When I went to get my medical records, the clerk asked why I need them, and I immediately choked and teared up, couldn't speak. I couldn't say the words "Because I got cancer" It came out as me just mouthing it. She could read lips good because she said "For the oncologist?" I shook my head in the affirmative.
My urologist called the next day, said they found no evidence of spread outside my bladder. Lymph nodes looked unremarkable, Pelvic area, Lungs, Kidney all no signs of cancer. I didn't want to see this doctor the next day for consult, I just needed to pick up the report of the CT and the disk. I had a doctor in Birmingham, he has some of the best credentials in the country for my specific cancer. He wouldn't have missed this so many precious months before. If caught early, this cancer is beatable. Later an uphill battle. So I told him to cancel it. Later that day, I regretted canceling that appointment. I had sooooo many questions and I didn't want to wait until the following week and my real appointment, set and solid with Dr. Sunil Sudarshan for Thursday, June 11, 2015. I remembered an episode of "Seinfeld" where George Castanza was fired. He wanted his job back and so he just went back to work like nothing happened, like he was never fired. I decided on that tack. I went to my doctor's appointment and signed in like I never cancelled it. I got in, asked tons of questions...none of which he really had any answers for. I finally asked how the cancer was missed in December. He stated it was just under the surface, deeper than he went for the biopsy.

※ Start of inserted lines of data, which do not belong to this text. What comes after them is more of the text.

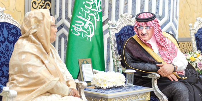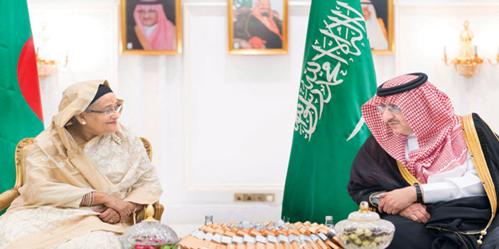 ثم صحِب سمو ولي العهد دولة رئيسة الوزراء البنجلاديشة حسينة واجد إلى صالة التشريفات حيث صافحت دولتها صاحب السمو الملكي الأمير الدكتور عبدالعزيز بن سطام بن عبدالعزيز مستشار خادم الحرمين الشريفين، وصاحب السمو الملكي الأمير
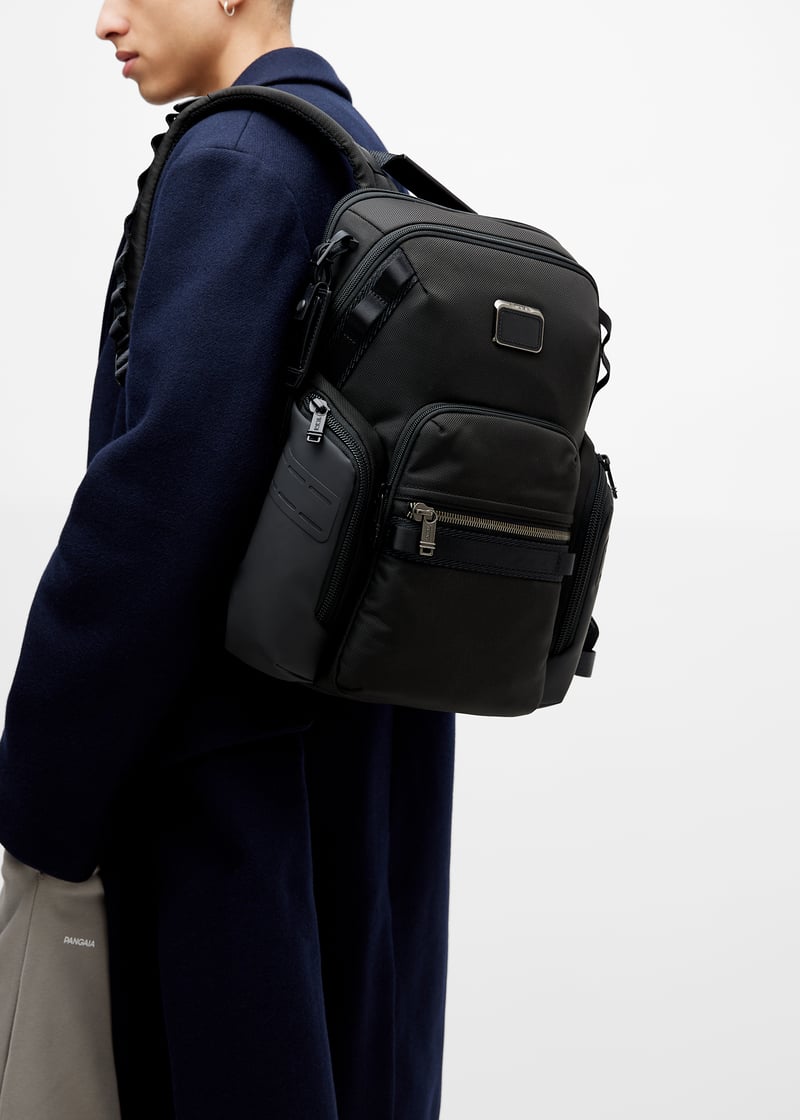 Modern and versatile, this Alpha Bravo Navigation backpack from TUMI is the ultimate everyday bag. It's ideal for commutes to work or school, and for travels that take you further afield. Zipper expansion allows for extra room when needed, and a multitude of organizational pockets for everything from your laptop to your phone ensures you can easily pack it all in and carry it in comfort. The addition of interior and exterior daisy chains makes it compatible with TUMI+ accessories to further enhance its functionality. It opens to two card slots, three media pockets, a zip pocket, a padded tablet pocket, a key leash and a pen holder. Key exterior features include a back padded zip compartment that fits a 16" laptop, a top carry handle with a leather accent, zip expansion, a front U zip pocket, front zip pocket, two side zip pockets, a back quick access pocket with a hidden magnetic snap, and a luggage tag.
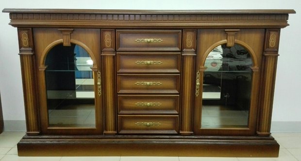 Материал изготовления: массив древесины, клееный массив древесины, шпон древесины (дуб, береза), ДСП, МДФ, стекло, зеркало.
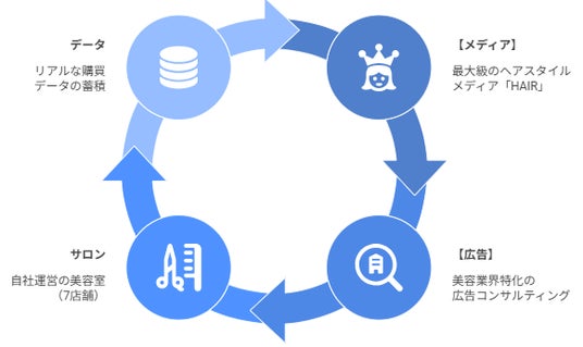 この一気通貫の事業構造により、オンライン(メディア・広告)とオフライン(サロン・購買)を融合したマーケティング支援が可能です。
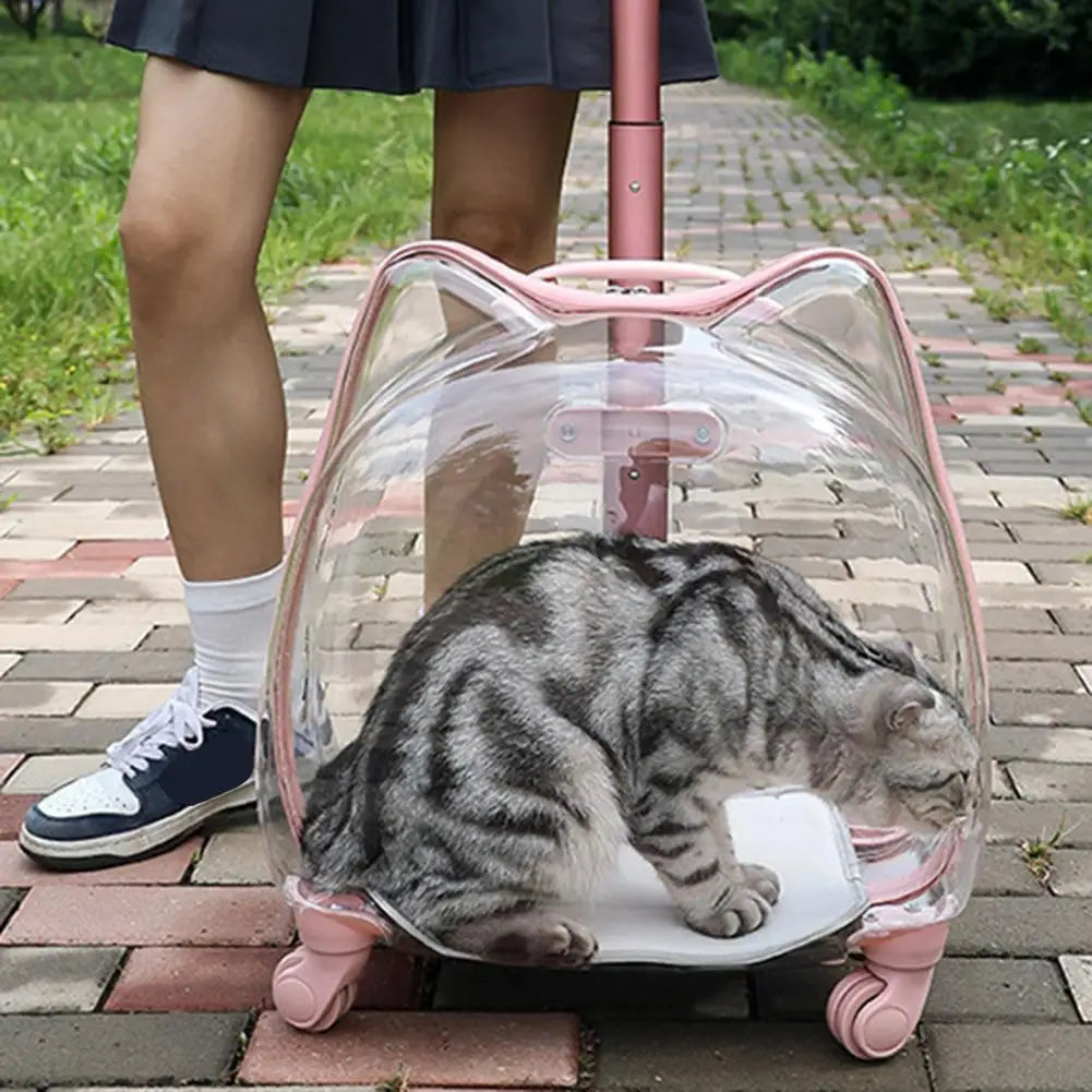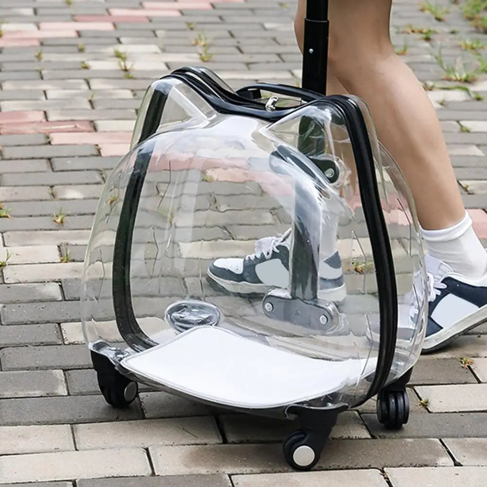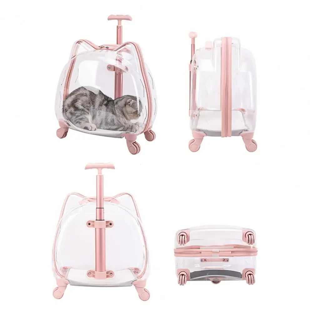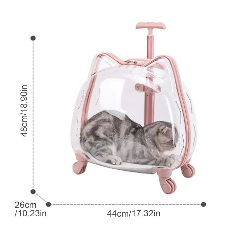 Cat Carrier with Wheels Transparent Pet Trolley Case Telescopic Rod Spacious Breathable Pet Trolley for Hiking Travel
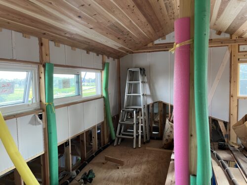 天井、床、壁とお家丸ごと施工するため、ものすごい作業量。
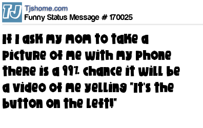 - # 98652 If I ask my mom to take a picture for me with my phone there is a 99% chance it will be a video of me yelling "IT'S THE BUTTON ON FRONT!"
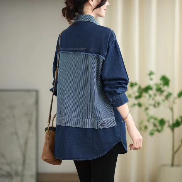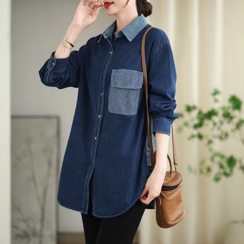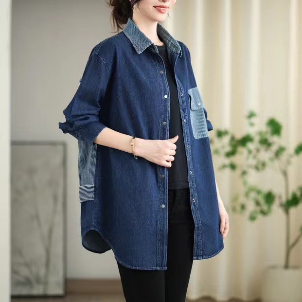 | nameOriginal | Simple Washed Old White Lapel Long-sleeved Shirt 2024 New Women's Spring and Autumn Loose Shirt Mid-length Jacket |
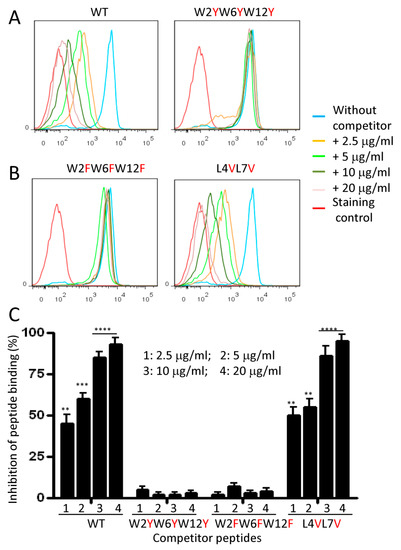 Competition assays using peptides with the neutral replacement of W or L. (A,B) Representative histograms showing the inhibitory effects of tyrosine—(Y)-, phenylalanine—(F)-, or valine—(V)-substituted peptides on the biotinylated NW peptide binding to monocytes. Experimental conditions are as in Figure 7. The reference NW peptide (WT) was included as a positive control. (C) Percentages of inhibition were calculated from the geometric mean fluorescence intensity. Average mean values and SD of three independent experiments are shown. ** p < 0.01, *** p < 0.001, and **** p < 0.0002.
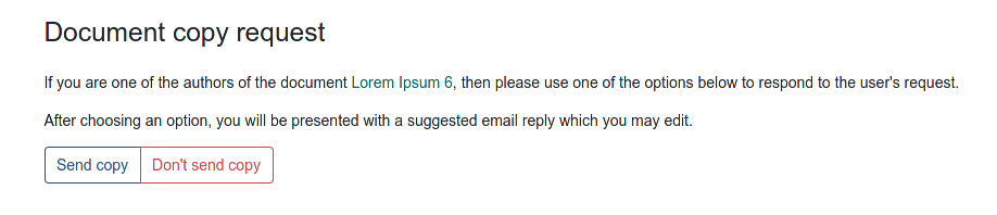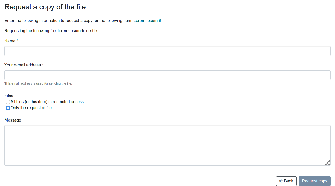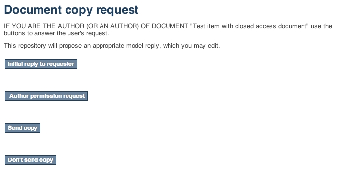 La funcionalidad "Solicitar una copia" se añadió a DSpace como una medida para facilitar el acceso en aquellos casos en que el contenido cargado no puede compartirse abiertamente con todo el mundo inmediatamente después de su envío a DSpace. Proporciona a los usuarios una manera eficiente de solicitar acceso al remitente original del ítem, quien puede aprobar este acceso con un solo clic. Esta práctica cumple con la mayoría de las políticas aplicables, ya que el remitente interactúa directamente con el solicitante en cada caso particular.

Well, after research that's all I know. I do believe there is a chance this will kill me; but it won't be immediate and I might just beat it. I have a business, a nightclub I opened a few years ago. I let my staff know what is going on, and let them know it doesn't have to be a secret, but I didn't plan on blasting it everyday on FB. But they could tell the people that have gotten close to my wife and I, who would want to know...but to BE SURE to include that business goes on, nothing changes, I'm sick (feel great now tho) but getting treatment, the party continues and my staff have the business well in hand. We need this business now more than ever.

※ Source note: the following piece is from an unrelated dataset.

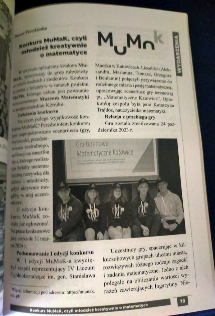 Artykuł przedstawiający konkurs MuMaK ukazał się w opolskim czasopiśmie edukacyjnym.
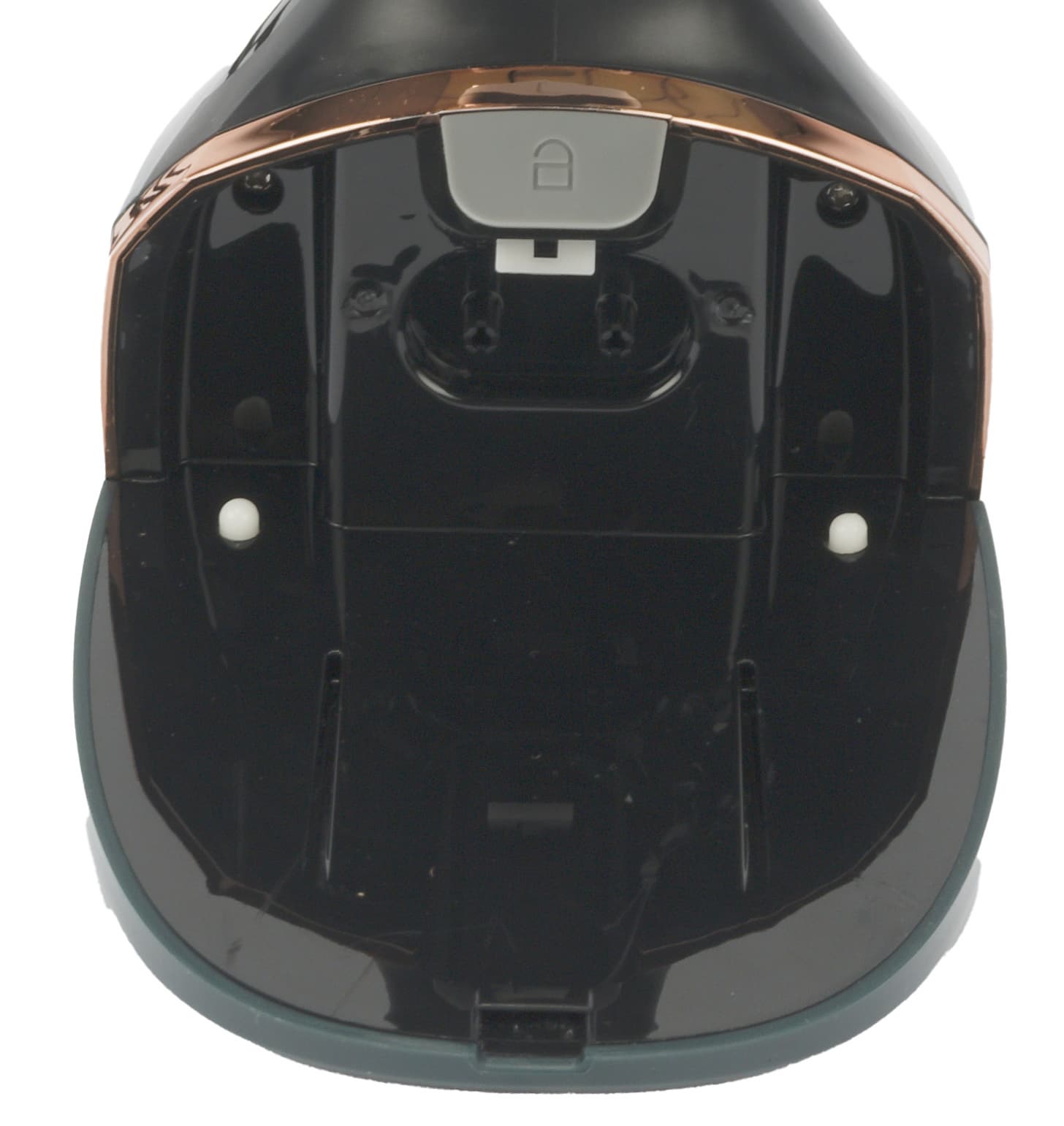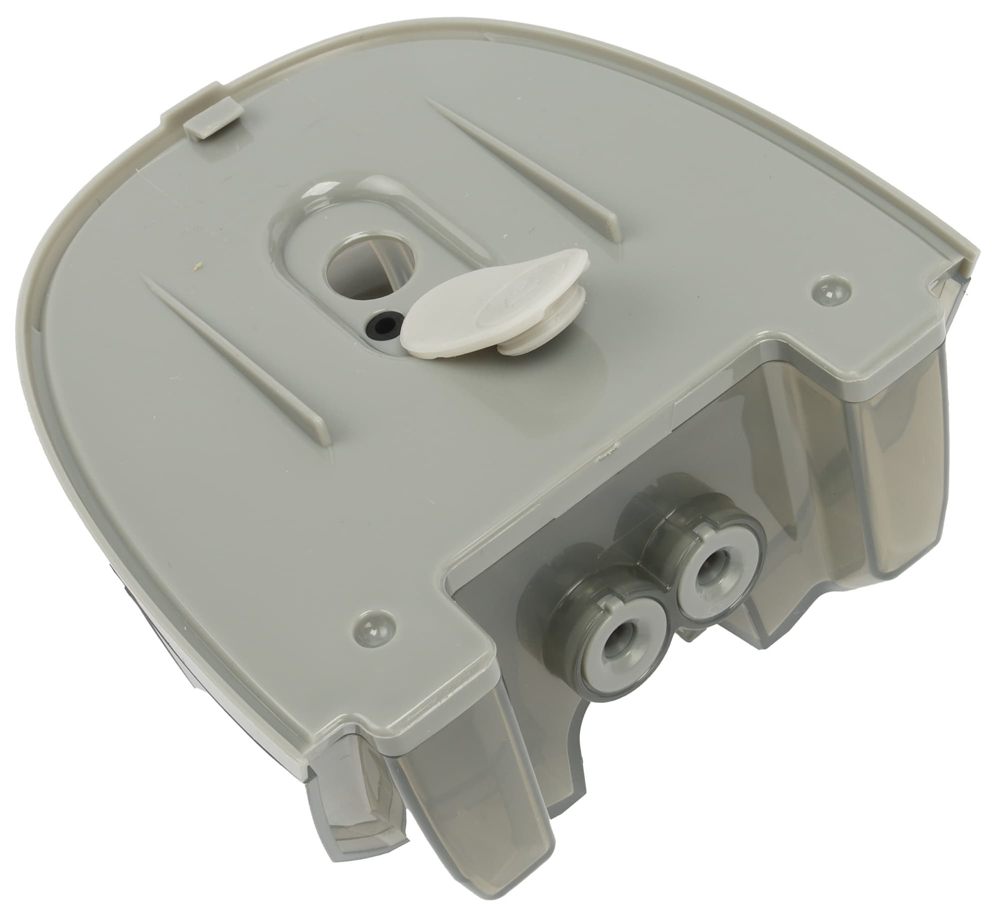 Внизу находятся две направляющие для выступов на резервуаре, а также две белые кнопки-фиксаторы, которые утапливаются при нажатии на кнопку разблокировки.

That's really all I know at the moment. Those are the facts. How I feel personally? I'm not afraid of dying, not yet. I'm afraid of leaving my wife alone. I'm afraid of my daughters missing me, and of my grandkids I have, and the grandkids to come, missing me. I've told my wife many times, if my live ever ended, I would die feeling blessed. And that's how I feel personally. Blessed to have known and loved her, blessed to have shared my life with my wonderful children and grandchildren. Blessed! But I plan on living more so......I will write with updates. I can't promise and uplifting blog, or one with a happy ending, just my reality as it happens.